A 34-year-old African woman presented with a 4-month history of profound lethargy, weight loss and a 3-day history of vomiting, fever, confusion, and drowsiness. She had given birth to her third child 6 months previously. Her pregnancy and delivery were uncomplicated and she had breastfed for 5 months prior to discontinuing due to exhaustion.
Investigations showed severe hypercalcaemia (4.94 mmol/l) and undetectable PTH. Hypercalcaemia was unresponsive to intense fluid rehydration, calcitonin and i.v. pamidronate. Emergency haemodialysis was required to reduce serum calcium to a safe level.
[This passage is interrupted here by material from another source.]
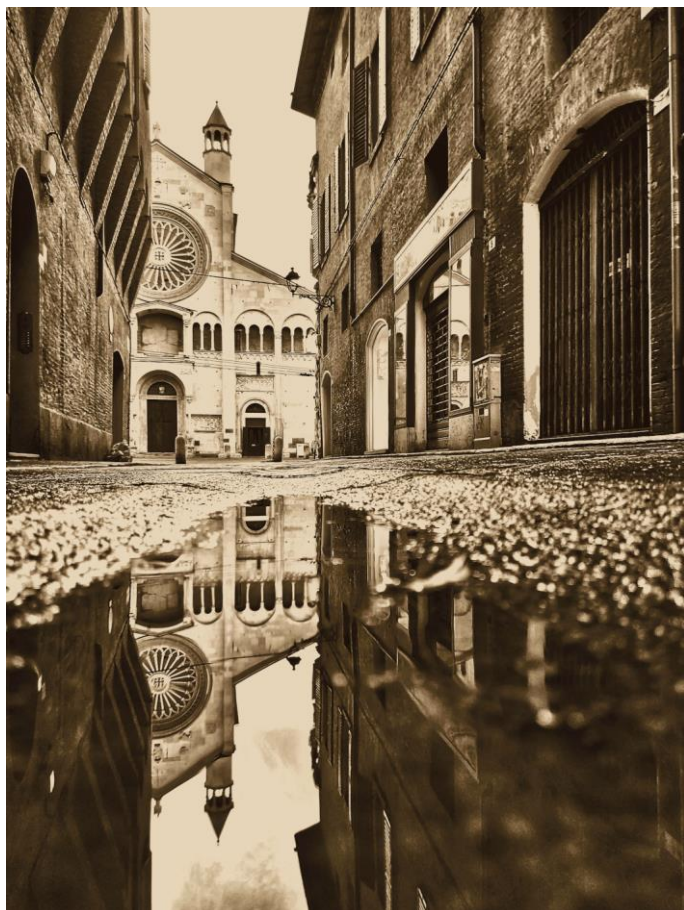
Duomo di Modena

«Modenese. Vengo da una formazione classica con studi umanistici. Nel tempo mi sono sempre più specializzata nell'ambito della comunicazione e organizzazione di iniziative/sponsorizzazioni a carattere sportivo, istituzionale e culturale per un importante gruppo bancario nazionale. Vegetariana, amante di musica, arte e viaggi, negli ultimi anni ho maturato una grande passione per la fotografia. Faccio parte della community Instagram "Clickfor_Italia" che ha l'obiettivo di valorizzare il nostro bellissimo territorio attraverso gli scatti più suggestivi».

Further investigations showed severe cortisol deficiency (34 nmol/l) with undetectable ACTH and mild T3 thyrotoxicosis, (fT3 7.5 pmol/l, normal fT4 and suppressed TSH). Pituitary MRI showed no pituitary mass or significant radiological abnormality. Insulin stress test performed 2 months after discharge confirmed profound hypocortisolaemia (cortisol <30 nmol/l at all test points with normal growth hormone response (peak of 10.80 μg/l).
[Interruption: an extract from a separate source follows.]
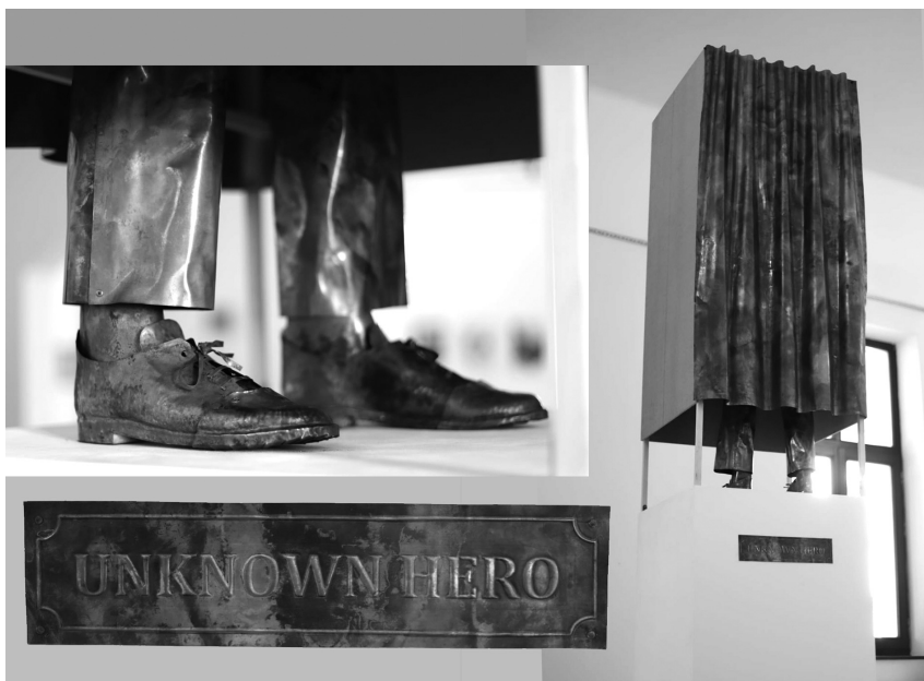
Ismeretlen hős, 2020 (rézlemez)

Néhány éve kétlaki életet élünk, New Yorkban és Budapesten, remélem, a járvány elmúltával többet jöhetünk majd haza. Még mindig bizakodom abban, hogy megtalálják édesapám földi maradványait, és megadhatom neki a végtisztességet.

The patient was treated with hydrocortisone, initially i.v. and then converted to orally (10 mg twice a day). Her symptoms dramatically improved following cortisol replacement and normalisation of serum calcium.
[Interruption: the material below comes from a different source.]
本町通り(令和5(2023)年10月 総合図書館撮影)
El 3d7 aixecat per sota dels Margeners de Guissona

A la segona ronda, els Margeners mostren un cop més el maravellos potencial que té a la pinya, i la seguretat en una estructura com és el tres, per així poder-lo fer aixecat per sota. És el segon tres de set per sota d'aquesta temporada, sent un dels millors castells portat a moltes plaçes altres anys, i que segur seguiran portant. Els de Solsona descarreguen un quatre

The patient subsequently developed hypocalcaemia, with serum calcium falling to a nadir of 1.79 mmol/l. This was treated and corrected with alfacalcidol and calcium supplementation.
Discussion: This case demonstrates the emergency management of severe hypercalcaemia including the use of dialysis. The etiology of the hypercalcaemia is a combination of thyroiditis and cortisol deficiency, both of which are known to cause this. Cortisol deficiency is, in turn, due to ACTH deficiency in the presence of an apparently structurally normal pituitary gland. The presumed underlying cause is combined postpartum hypophysitis and postpartum thyroiditis. This combined presentation with hypercalcaemia is extremely rare.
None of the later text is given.